Google and Its Search Results: Objective or Subjective

December 1, 2016

I love the Alphabet Google thing. The information I obtain via a Google query is spot on, accurate, perfect, and highly credible. Run the query “dancing with the stars” and what do you get? Substance. Rock solid factoids.

I read “Google Search Results Tend to Have Liberal Bias That Could Influence Public Opinion.” The write up informed me:

After analyzing nearly 2,000 pages, a panel rated 31% pages as liberal as opposed to only 22% that were conservative; the remaining 47% pages were neutral that included government or mainstream news websites.

And the source of this information? An outfit called CanIRank.com. That sounds like a company that would make Ian Sharp sit up and take notice. Don’t remember Ian Sharp? Well, too bad. He founded IP Sharp Associates and had some useful insights about the subjective/objective issues in algorithms.

The methodology is interesting too:

The study conducted by online search marketer CanIRank.com found that 50 most recent searches for political terms on the search engine showed more liberal-leaning Web pages rather than conservative ones.

But the Google insists that is results are objective. But Google keeps its ranking method secret. The write up quotes a computer science professor as saying:

“No one really knows what Google’s search engine is doing,” said Christo Wilson, a Northeastern University computer science professor. “This is a big, complex system that’s been evolving for 15 years.”

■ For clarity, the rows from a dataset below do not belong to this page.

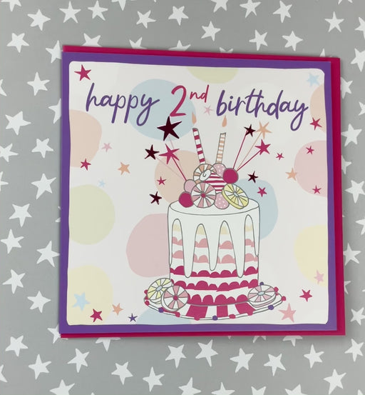 2nd Birthday Girl. Foiled with silver. Supplied with a pink envelope. Printed in the UK on high quality luxury board from renewable sources Size: 1...
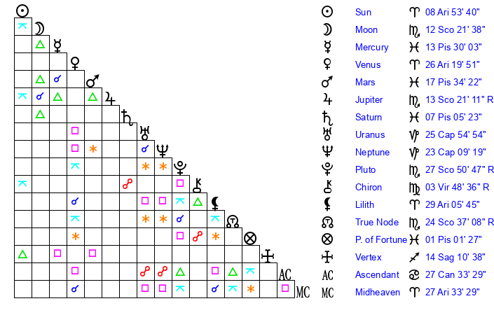 | Pluto | 27 Scorpio 50 | 3 Aquarius 31 | 27 Scorpio 10 |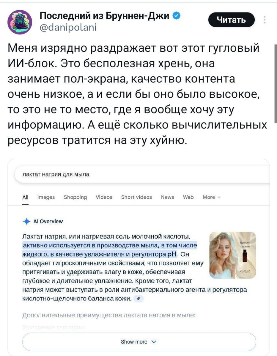 Анекдот: если добавить в гугловский запрос матерное слово, то раздражающий ИИ-блок в результатах поиска ИСЧЕЗНЕТ!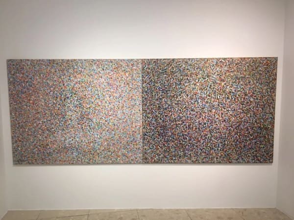 이번 『천국-스며들다』 전시에서는 천국은 어디에 있는 것인지에 대한 근원적인 물음에 작가만의 답을 찾는 과정을 보여준다. 천국은 우리가 인지하는 시간과 공간의 제한이 없는 무한대의 영원한 공간이다. 우리 삶 속의 작음 틈새에 스며들어 있기도 하고, 어디에나 천국은 존재한다. 천국은 이물질처럼 끼어 있거나 붙어 있지 않고 스며들어 그 존재감을 고고히 발하고 있다. 썰물로 빠진 바닷속에 드러난 갯벌에 바닷물이 스며들어 반짝이며 그 기름진 영양분을 뽐내는 모습처럼, 상쾌한 바람, 생명이 지나치며 내는 소리까지 천국에서 스며들어 있다. 작품 속 강렬하게 다가오는 붓의 터치와 빛을 발하는 다채로운 색감들은 일상 속에 스며들어 있는 각각의 천국의 모습을 나타내고 있다. 천태만상 개개의 다양한 삶 속에서 부닥치는 역경과 고난 속에서도 이상향을 통해 유희의 가능성을 찾아보려는 노력이 엿보인다. 작품 속 정형화 되어 있지 않은 수 많은 붓 자국은 제각기 하나의 생명체로써 움직이고 호흡하는 것과 같은 형상을 띠고 있다. 이를 통해 작가는 순간의 스쳐가는 일상의 파편들을 서로 이어놓고, 하나의 조각들로 이루어진 모습을 통해 진정한 이상향에 대해 숙고한다.
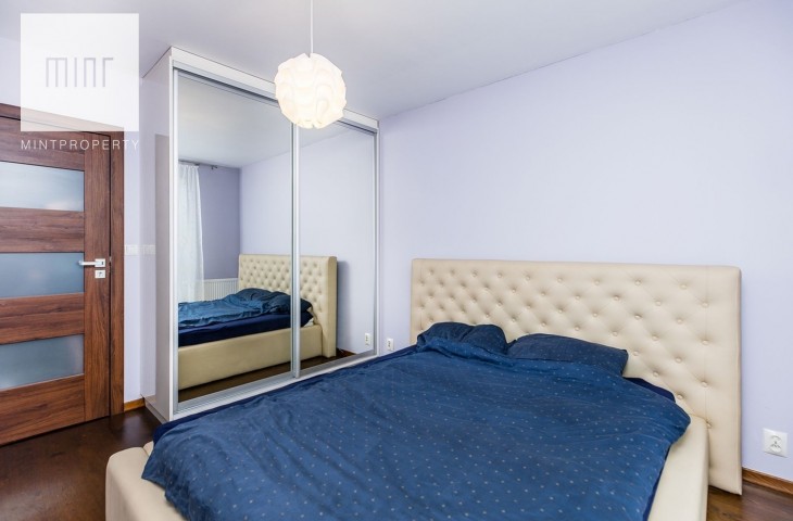 Sypialnia jest wyposażona w łóżko 160 cm oraz bardzo pojemną szafa w zabudowie,na całą szerokość ściany.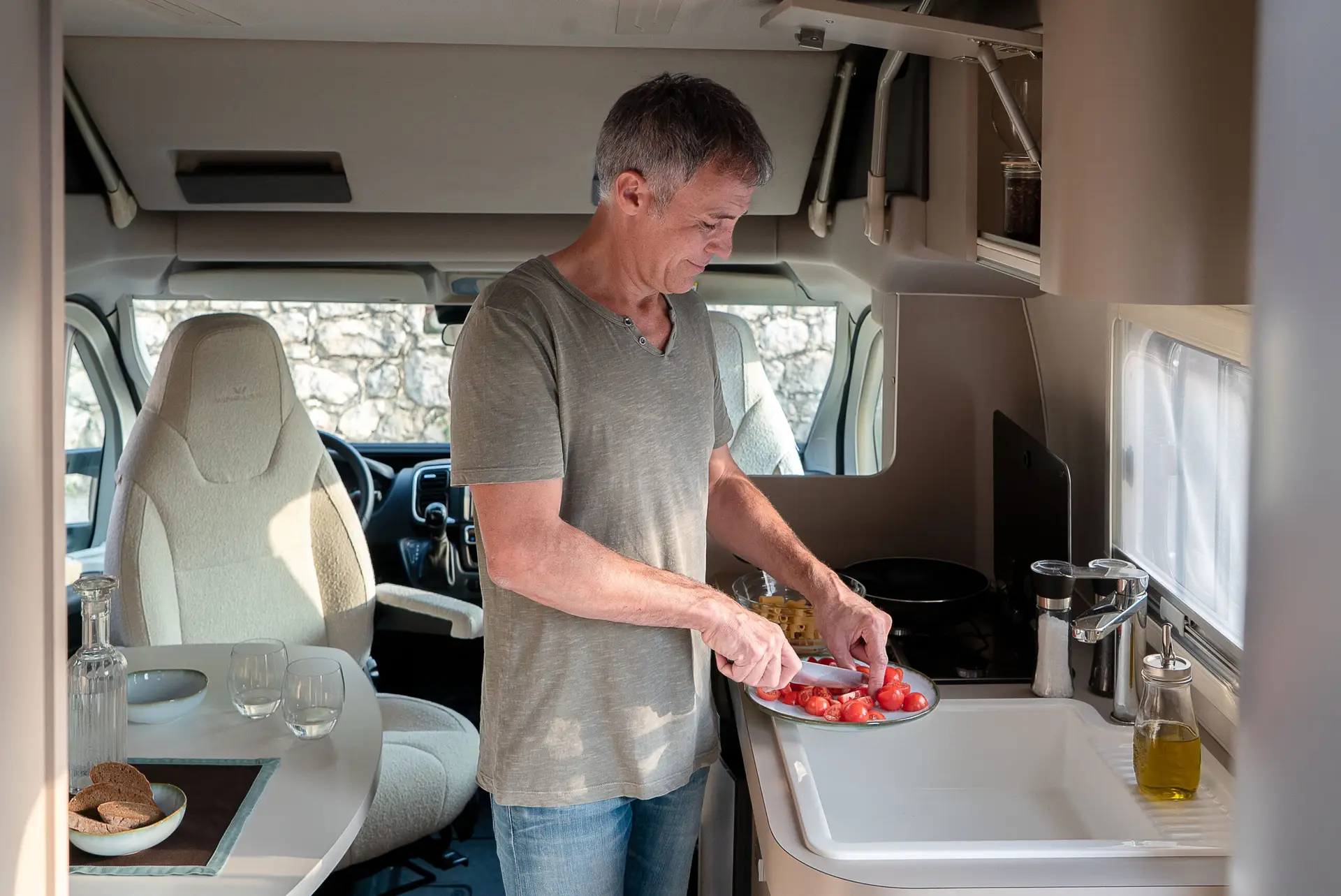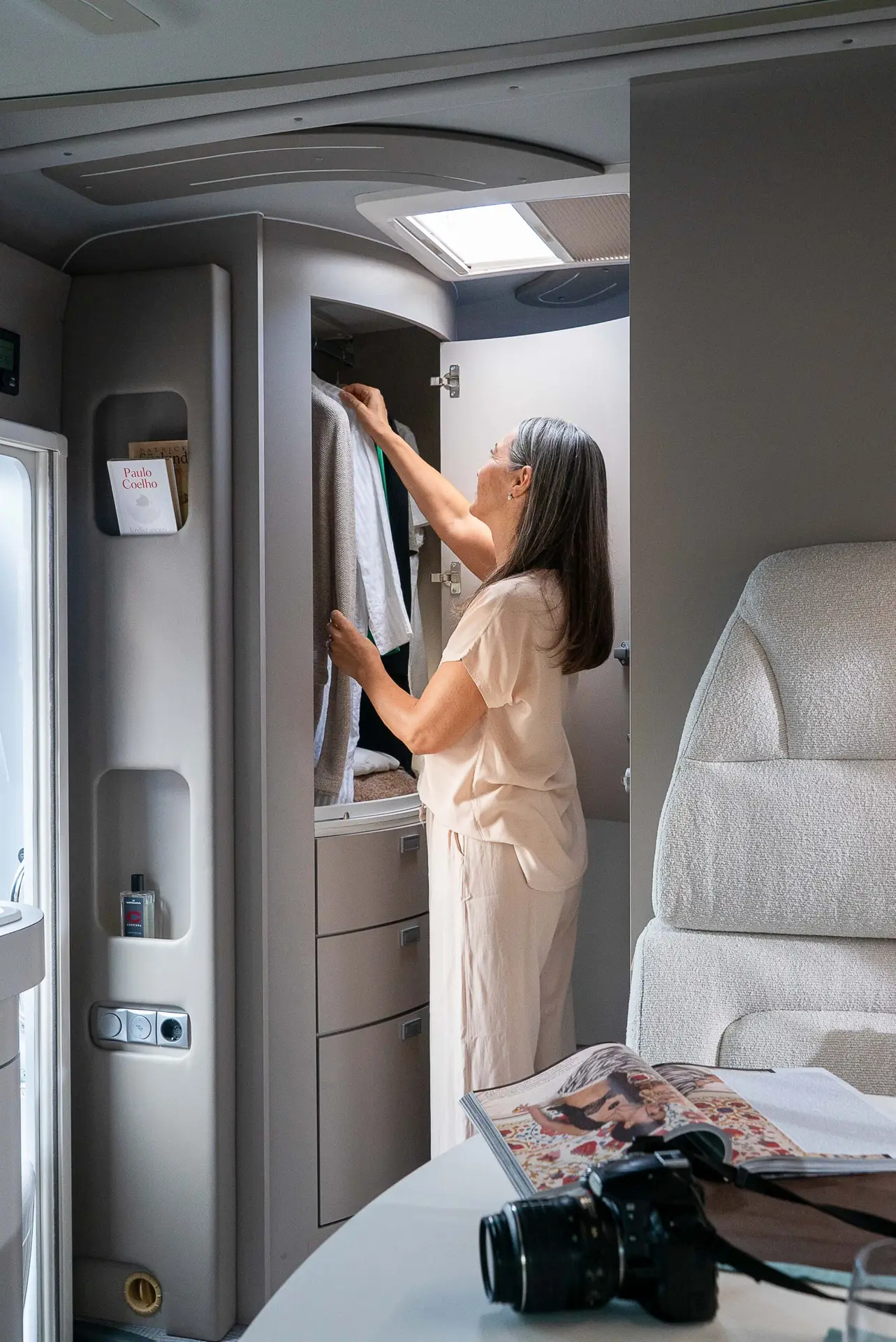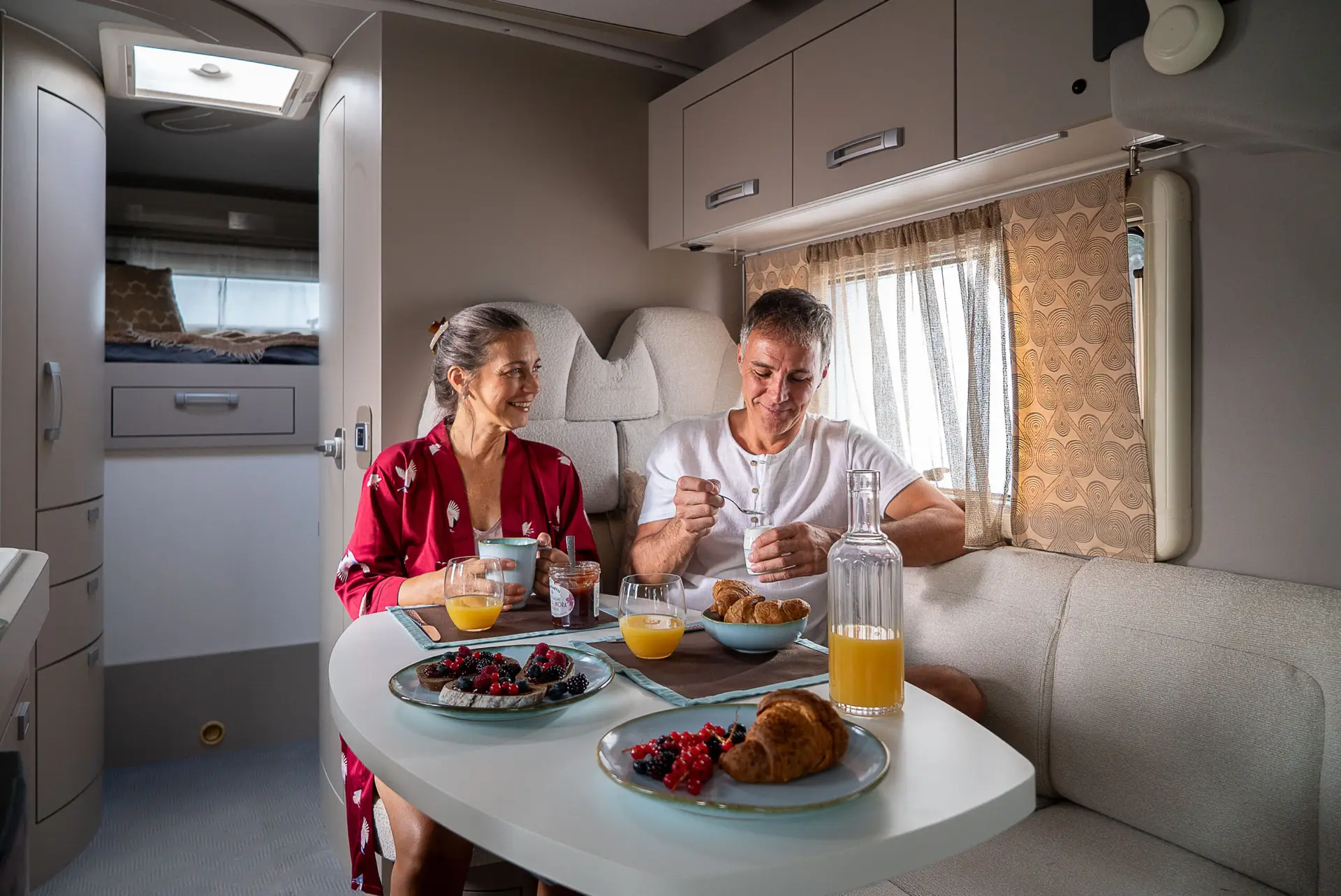 - Spacious Living Area: Swivel captain chairs and a 360° rotating oval table

Hmm. Evolving. I thought that the Google wraps its 1998 methods and just keeps on trucking. My hunch is that the wrappers which have been added by those trying to deal with the new content and new uses to which the mobile and desktop Web search systems are put are add ons. Think of the customization of a celebrity’s SUV. That’s how Google relevance has evolved. Cool, right?

The write up points out:

Google denies results are politically slanted and says its algorithms use several factors.

My hunch is that CanIRank.com is well meaning, but it may have some biases baked into its study. CanIRank.com, like the Google, is based on human choices. When humans fiddle, subjectivity enters the arena. For real objectivity, check out Google’s translation system which may have created its own inter-lingua. That’s objective as long as one does not try to translate colloquial code phrase from a group of individuals seeking to secure their communications.

Subjective humans are needed for that task. Humans are subjective. So how does the logic flow? Oh, right. Google must be subjective. This is news? Ask Foundem.